**Dataset records:**

____________

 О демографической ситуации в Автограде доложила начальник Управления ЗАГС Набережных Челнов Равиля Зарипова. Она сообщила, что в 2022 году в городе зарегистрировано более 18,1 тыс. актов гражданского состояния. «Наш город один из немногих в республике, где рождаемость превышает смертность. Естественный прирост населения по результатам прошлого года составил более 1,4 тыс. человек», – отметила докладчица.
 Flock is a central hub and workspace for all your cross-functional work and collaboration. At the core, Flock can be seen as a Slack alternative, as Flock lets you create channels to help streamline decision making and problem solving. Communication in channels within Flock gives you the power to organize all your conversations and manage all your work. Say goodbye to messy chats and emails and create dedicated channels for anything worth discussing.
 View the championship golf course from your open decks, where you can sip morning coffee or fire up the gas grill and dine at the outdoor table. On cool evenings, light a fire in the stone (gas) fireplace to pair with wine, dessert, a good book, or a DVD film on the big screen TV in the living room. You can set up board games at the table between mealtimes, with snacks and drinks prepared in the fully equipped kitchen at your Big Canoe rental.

____________

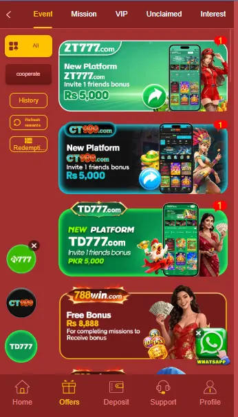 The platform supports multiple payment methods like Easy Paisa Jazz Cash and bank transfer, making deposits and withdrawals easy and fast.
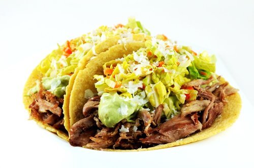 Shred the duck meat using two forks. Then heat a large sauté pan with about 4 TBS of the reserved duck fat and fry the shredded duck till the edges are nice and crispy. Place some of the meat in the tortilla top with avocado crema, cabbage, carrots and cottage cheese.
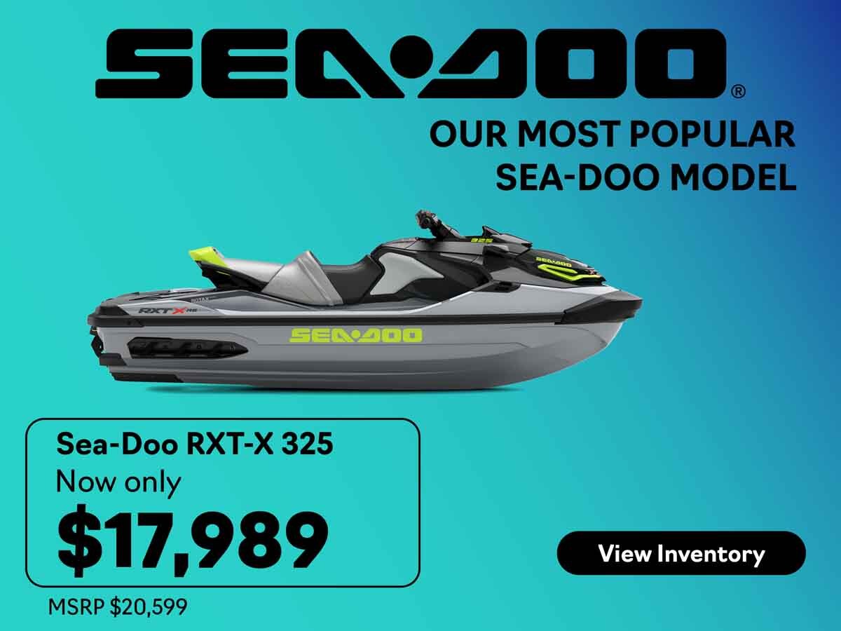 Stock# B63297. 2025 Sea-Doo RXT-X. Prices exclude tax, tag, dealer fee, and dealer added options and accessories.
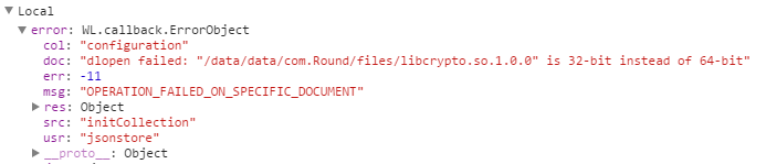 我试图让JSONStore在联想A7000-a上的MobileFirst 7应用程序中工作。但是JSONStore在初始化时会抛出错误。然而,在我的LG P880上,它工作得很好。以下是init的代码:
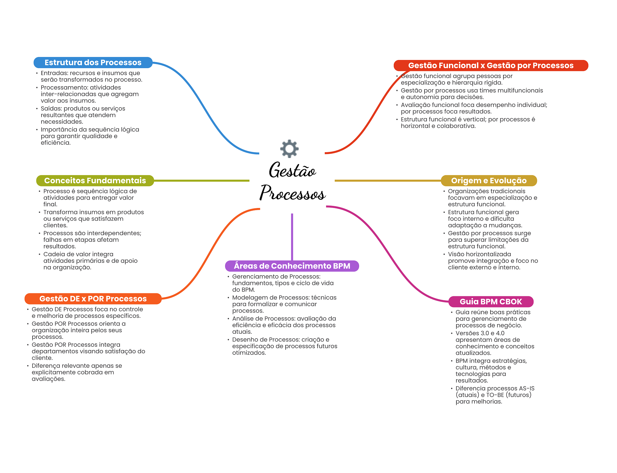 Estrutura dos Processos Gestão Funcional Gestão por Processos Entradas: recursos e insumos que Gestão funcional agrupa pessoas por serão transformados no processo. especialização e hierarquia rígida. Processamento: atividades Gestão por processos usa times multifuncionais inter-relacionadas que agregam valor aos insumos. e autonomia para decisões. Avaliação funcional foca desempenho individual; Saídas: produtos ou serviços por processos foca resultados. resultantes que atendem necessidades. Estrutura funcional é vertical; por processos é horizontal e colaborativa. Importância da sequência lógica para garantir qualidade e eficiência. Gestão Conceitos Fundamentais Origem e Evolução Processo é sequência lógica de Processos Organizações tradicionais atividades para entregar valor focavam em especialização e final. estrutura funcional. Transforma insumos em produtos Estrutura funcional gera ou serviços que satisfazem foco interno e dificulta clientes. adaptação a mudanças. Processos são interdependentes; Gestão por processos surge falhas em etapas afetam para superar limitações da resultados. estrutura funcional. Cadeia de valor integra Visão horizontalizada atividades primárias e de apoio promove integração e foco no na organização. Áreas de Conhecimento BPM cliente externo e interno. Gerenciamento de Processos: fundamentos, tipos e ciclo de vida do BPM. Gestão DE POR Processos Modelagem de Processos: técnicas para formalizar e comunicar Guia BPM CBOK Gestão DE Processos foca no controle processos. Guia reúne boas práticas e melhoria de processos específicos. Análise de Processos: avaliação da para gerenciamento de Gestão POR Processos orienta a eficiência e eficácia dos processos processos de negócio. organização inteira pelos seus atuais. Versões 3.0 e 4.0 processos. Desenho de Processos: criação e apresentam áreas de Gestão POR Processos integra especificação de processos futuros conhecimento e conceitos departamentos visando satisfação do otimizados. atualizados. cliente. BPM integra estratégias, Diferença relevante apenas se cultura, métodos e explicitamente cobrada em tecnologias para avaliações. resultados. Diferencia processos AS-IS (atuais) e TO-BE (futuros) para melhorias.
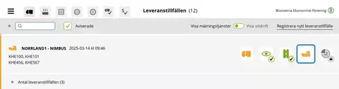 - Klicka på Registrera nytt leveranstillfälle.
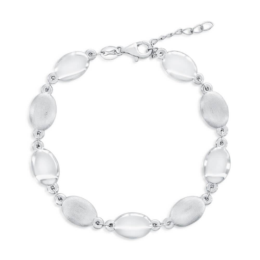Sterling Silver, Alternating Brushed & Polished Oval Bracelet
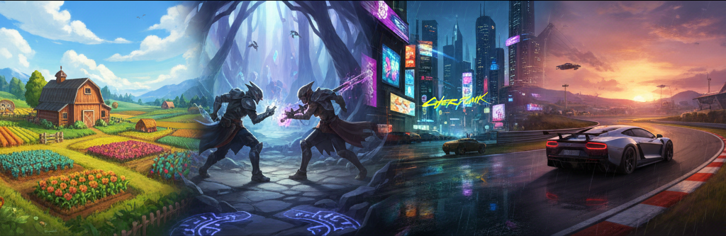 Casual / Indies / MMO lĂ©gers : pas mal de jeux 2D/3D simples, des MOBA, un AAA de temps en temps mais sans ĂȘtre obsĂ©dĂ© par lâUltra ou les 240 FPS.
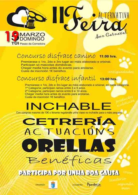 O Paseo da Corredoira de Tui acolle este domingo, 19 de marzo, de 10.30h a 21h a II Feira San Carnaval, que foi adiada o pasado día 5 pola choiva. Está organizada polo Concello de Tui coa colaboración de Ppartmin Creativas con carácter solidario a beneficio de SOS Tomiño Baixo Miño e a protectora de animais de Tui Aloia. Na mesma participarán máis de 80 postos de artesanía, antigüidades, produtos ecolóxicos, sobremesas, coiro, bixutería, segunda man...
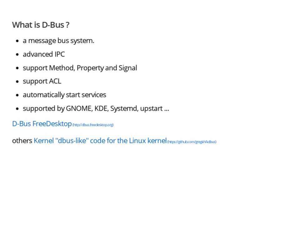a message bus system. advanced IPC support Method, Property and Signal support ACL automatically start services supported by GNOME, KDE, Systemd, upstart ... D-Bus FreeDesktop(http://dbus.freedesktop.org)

____________

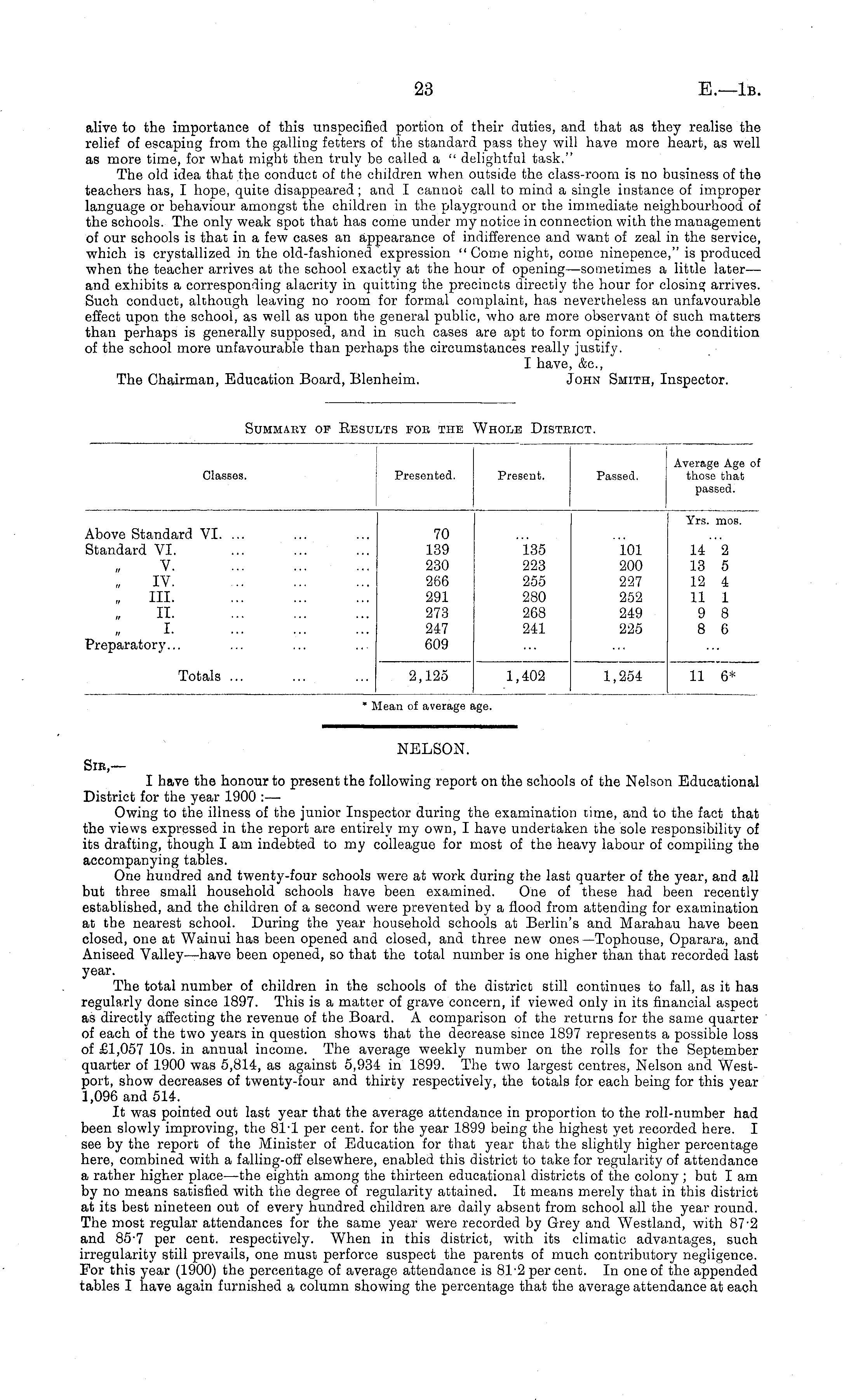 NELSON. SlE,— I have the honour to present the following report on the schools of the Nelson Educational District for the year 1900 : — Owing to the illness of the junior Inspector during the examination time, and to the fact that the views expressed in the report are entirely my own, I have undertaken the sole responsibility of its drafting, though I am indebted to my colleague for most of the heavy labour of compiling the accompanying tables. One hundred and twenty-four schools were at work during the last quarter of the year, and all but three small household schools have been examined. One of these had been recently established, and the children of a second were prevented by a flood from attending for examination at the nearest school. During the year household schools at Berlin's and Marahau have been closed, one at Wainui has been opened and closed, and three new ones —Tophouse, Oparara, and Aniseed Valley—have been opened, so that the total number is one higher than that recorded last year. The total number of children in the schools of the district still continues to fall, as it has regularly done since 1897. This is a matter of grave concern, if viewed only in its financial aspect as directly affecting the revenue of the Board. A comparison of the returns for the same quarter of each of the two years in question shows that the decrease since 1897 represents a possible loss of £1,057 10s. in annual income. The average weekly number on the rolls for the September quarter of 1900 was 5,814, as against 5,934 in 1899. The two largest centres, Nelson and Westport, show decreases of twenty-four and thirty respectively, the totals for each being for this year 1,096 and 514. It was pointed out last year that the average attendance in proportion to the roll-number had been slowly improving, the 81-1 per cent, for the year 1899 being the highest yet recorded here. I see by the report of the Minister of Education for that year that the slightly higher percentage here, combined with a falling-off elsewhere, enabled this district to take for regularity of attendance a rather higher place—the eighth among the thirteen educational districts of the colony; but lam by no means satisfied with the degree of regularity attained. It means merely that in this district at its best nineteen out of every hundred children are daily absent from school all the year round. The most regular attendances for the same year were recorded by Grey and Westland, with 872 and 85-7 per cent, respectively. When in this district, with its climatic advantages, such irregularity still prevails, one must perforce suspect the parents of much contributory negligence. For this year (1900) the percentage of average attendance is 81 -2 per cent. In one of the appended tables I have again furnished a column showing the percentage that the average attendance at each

____________

State how many lines in the listing above contain "your". Nothing else is needed.

**Answer section:** 2